The position of B is determined.

Reference numeral 16 denotes a beam shutter operating plate, one end of which is attached to a player (not shown) so as to be movable in the direction of the optical pickup housing 12, and its middle portion is disposed with a gap from the end surface of the protrusion 10D of the shutter rod 10. There is.

When the optical pickup housing 12 is linearly fed, the protrusion 10D and the beam shutter operation plate 16 come into contact, and the end surface of the protrusion 10D slides on the beam shutter operation plate 16, but this sliding resistance is reduced. Therefore, the end surface of the protrusion 10D is made spherical. Further, in order to further reduce the sliding resistance, one end of the lever 17 is attached to the outer wall 12C of the optical pickup housing 12 as shown in FIG. Roller 1 on the other end
8 may be attached, and the roller 18 may be brought into contact with the beam shutter operation plate 16.

In FIG. 6, 19 is a deflection beam splitter, 20 is a collimator lens, 21 is a quarter wavelength plate, 22 is a 90° deflection mirror, and 23 is a light sensor.

Next, the action will be explained.

When the player is inactive, the shutter rod 1
Since the beam shutter operating plate 16 is not in operation and is not pushed by the beam shutter operating plate 16, the shutter rod 10 is moved toward the beam shutter operating plate 16 side by the force of the coil spring 15. is being pushed.
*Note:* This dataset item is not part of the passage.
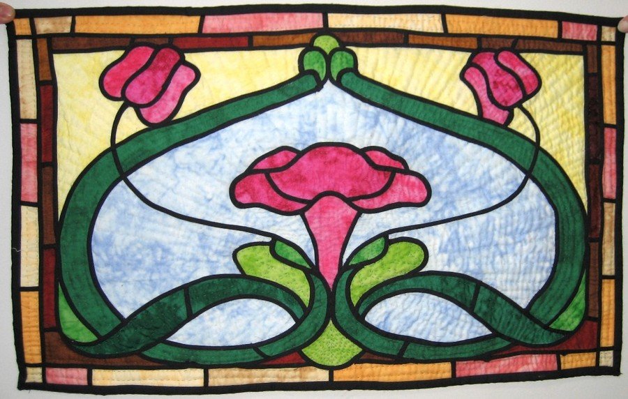 Brita Victorian Stained Glass 1 - This is from a free stained glass window pattern by Chantal Pare. 1/4 inch bias tabe was too wide, so I made my own 1/8 inch bias tape. I have been watching Alex's quilting videos and this is my first hand quilting project. It was supposed to be a Christmas Present for my parents, but I only finished it a little while ago. lol

Therefore, the blocking portion 10A of the shutter rod 10 is located at a location that blocks the light beam of the semiconductor laser 11, and the beam shutter is in a closed state.

Next, when the player is operated, the beam shutter operating plate 16 operates and moves toward the optical pickup housing 12, so the protrusion 10D of the shutter rod 10 is pushed from the beam shutter operating plate 16, and the shutter rod 10 is moved toward the coil spring 15. It moves toward the adjusting screw 13 against the force and stops when the stopper 13A of the adjusting screw 13 and the stopper contact portion 10E of the shutter rod 10 come into contact. Therefore, the passage section 10B of the shutter rod 10 is
The beam shutter is located at a place where the light beam of No. 1 passes through, and the beam shutter is in an open state.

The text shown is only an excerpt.